Он отвернулся, и какое-то мгновение его профиль, четко очерченный и оттененный световым конусом, более походил на римский или греческий, нежели на индийский. После короткой паузы он сказал, что «Ледяной дом» для него служит напоминанием о том, что британцам не место в Бомбее.
– Искусственный лед в Индии впервые появился во времена Моголов, а вовсе не англичан, – заметила я несколько жестче, чем предполагала, и потому поспешно продолжила, стараясь помешать ему сменить тему: – Кстати, вы же работали вместе с Проспером над его версией шекспировской «Бури», в которой действие было перенесено в Индию эпохи Великих Моголов. И это был последний фильм, в котором снималась Майя до...
– Моголы тоже чужие для Индии, – прервал меня Калеб, не сводя с меня пристального взгляда своих странных пепельно-серых глаз, словно намекая, что в последней его фразе имеются в виду вовсе не Моголы, а его незадачливая интервьюерша. – Подобно Просперу их интересовала не Индия.
На этот раз меня не удалось сбить с выбранного пути.
– Вы создали свою студию в год ее гибели?
Я наблюдала за тем, как меняется выражение его глаз, словно отражение на поверхности глубокой и быстрой реки. Как странно, подумала я, у нас одинаковые глаза.
– На что вы намекаете? На то, что два события каким-то образом связаны? Или это обычная журналистская провокация?

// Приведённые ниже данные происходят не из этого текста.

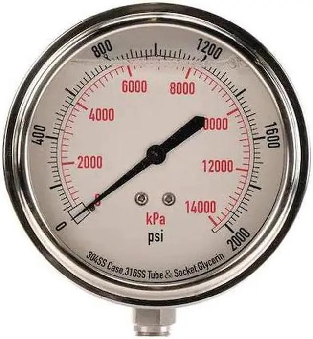 California Proposition 65: This product contains a chemical known to the State of California to cause birth defects or other reproductive harm. Commercial Pressure Gauge, Nominal Dial Size 3 1/2 in, Accuracy +/-3-2-3 Percent, Gauge Case Material 304 Stainless Steel, Process Connection Type NPT, Process Connection Gender Male, Lens Material Acrylic, Process Connection Size 1/4 in, Field Fillable No, Process Connection Location Bottom, Case Color Silver, IP/NEMA Rating Not Rated, Primary Pressure Range 0 to 2, 000, Dry Dampening Feature None, Vibration Resistance Liquid-Filled, Dial Color White. This item has been restricted from sale in the following state (s): []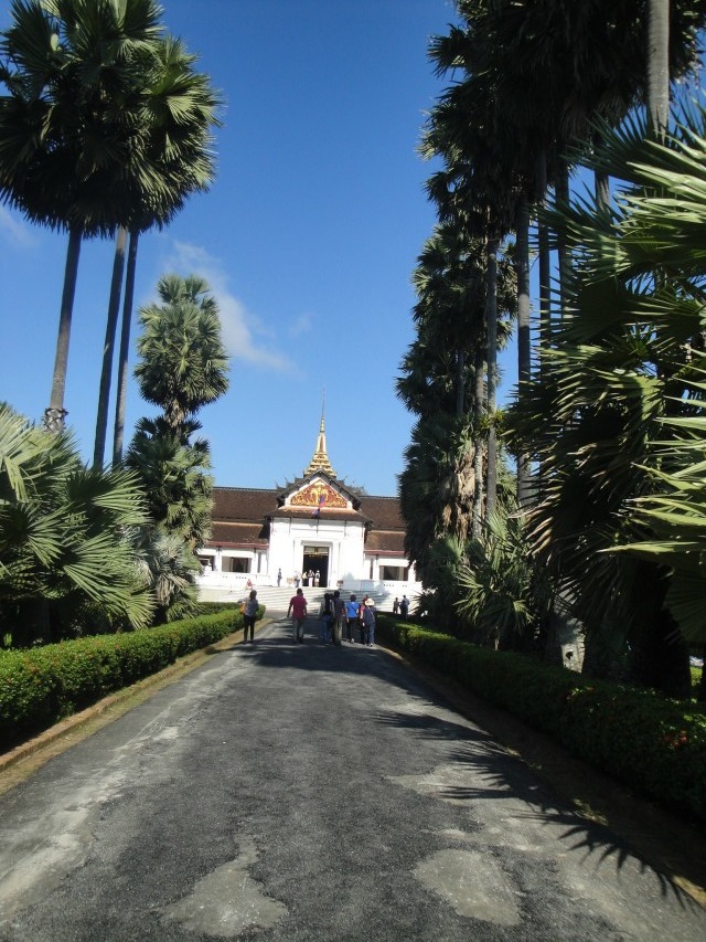 老挝国家博物馆,当地习惯叫“大皇宫”。这幢建筑物的历史并不悠久,是1904年才建造完成的。但它蕴藏着特殊的艺术风格,能观赏到老挝式建筑与法式建筑的完美融合。整个皇宫金碧辉煌,光艳夺目,殿内装饰古雅华贵。在这里还可以看到澜沧王国的遗迹和许多国家级的文物,这里是老挝最后一代国王西萨旺凡达纳的行宫,王室成员今已不知何处去,宫中可见昔日的大殿、议事厅、书房、收藏室、起居室等等,重点可以参拜琅勃拉邦名称的 “拉邦佛”。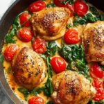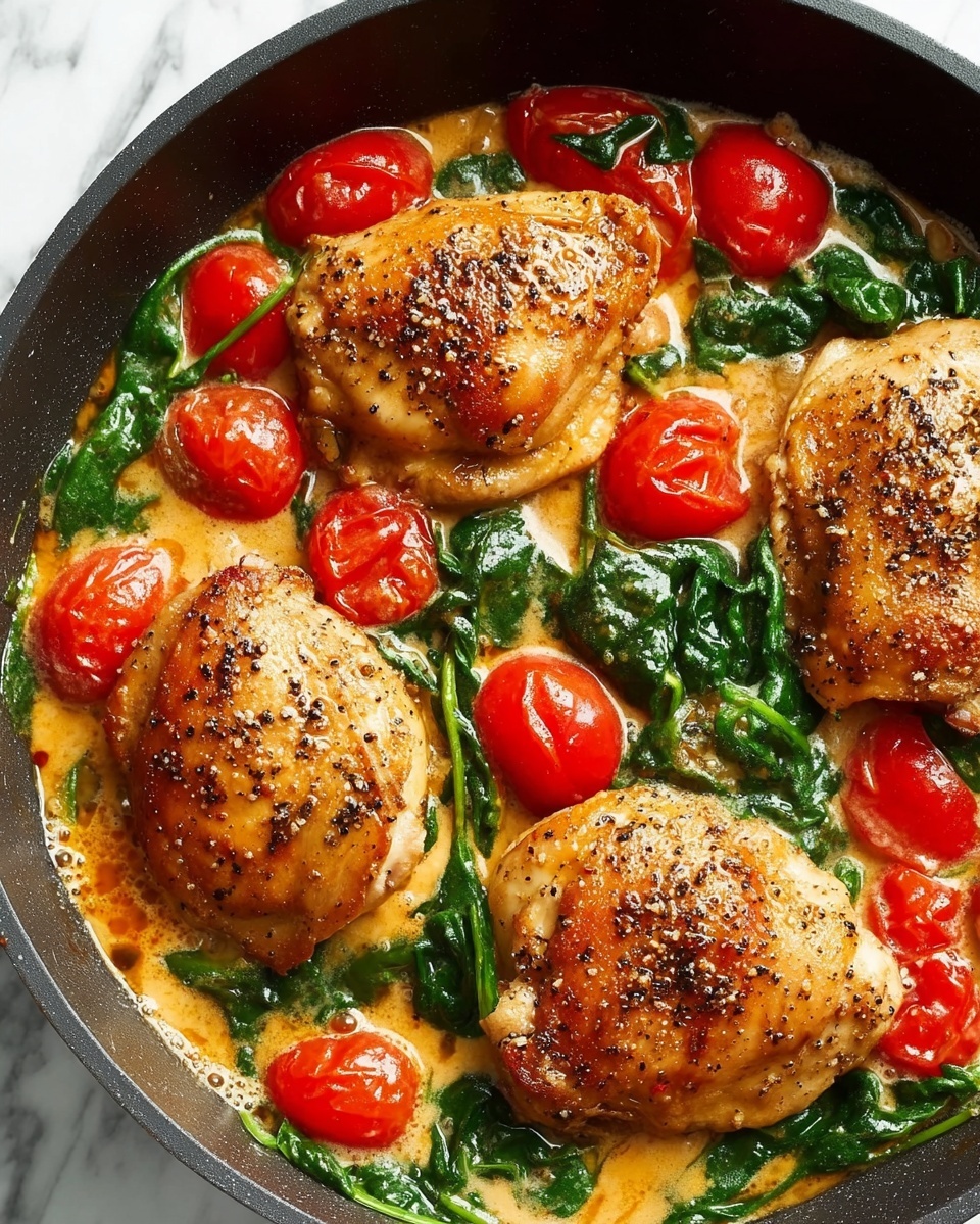 For a fun twist, serve the chicken over a bed of buttery polenta or alongside buttered pasta tossed with fresh herbs. Plating the colorful tomatoes and spinach prominently really brings this dish to life visually, turning a simple dinner into an elegant experience. Family style serving can also encourage everyone to dig in and enjoy the rustic charm of this recipe together.

Минутная пауза, пока мы, два словесных фехтовальщика, переводили дух и оценивали возможности и намерения друг друга. Я же пыталась понять, каков был скрытый стержень нашего общения: мы находили друг в друге что-то такое, что одновременно и привлекало, и отталкивало нас. Первым возобновил разговор он. В его голосе появились поддразнивающие интонации:
– Роз... можно мне называть вас Роз? Вы кажетесь мне одной из тех европейских гордячек, что всегда готовы ввязаться в какую-нибудь ссору. Вы совсем не похожи на свою сестру Миранду.
– Откуда вы знаете, что я сестра Миранды?
Его улыбка стала еще шире.
– Не более, чем смелое предположение. Ее девичья фамилия – Бенегал. И она как-то сказала мне, что у нее есть сестра, которая работает на Би-би-си. И я достаточно хорошо знаю Миранду, чтобы понять, что передо мной одна из возможных, правда, не очень ярких ее копий. За исключением, пожалуй, ваших глаз. Но лицо у вас, простите, гораздо менее выразительное, чем у нее. Оно у вас слишком статичное. И даже скорее бесстрастное, да-да, это самое точное определение. Без страсти, без чувств, в некоем эмоциональном тупике. – Он явно пытался взвинтить меня. Человек, знавший все мои слабые места. Но откуда? – Миранда проще, милее, как-то круглее.
Мне захотелось задать ему вопрос: за кого же, черт побери, он себя почитает? Но как я могла оспаривать его представление о моей сестре, которую не видела уже много лет? Без страсти... Но, значит, возможно, и без страха...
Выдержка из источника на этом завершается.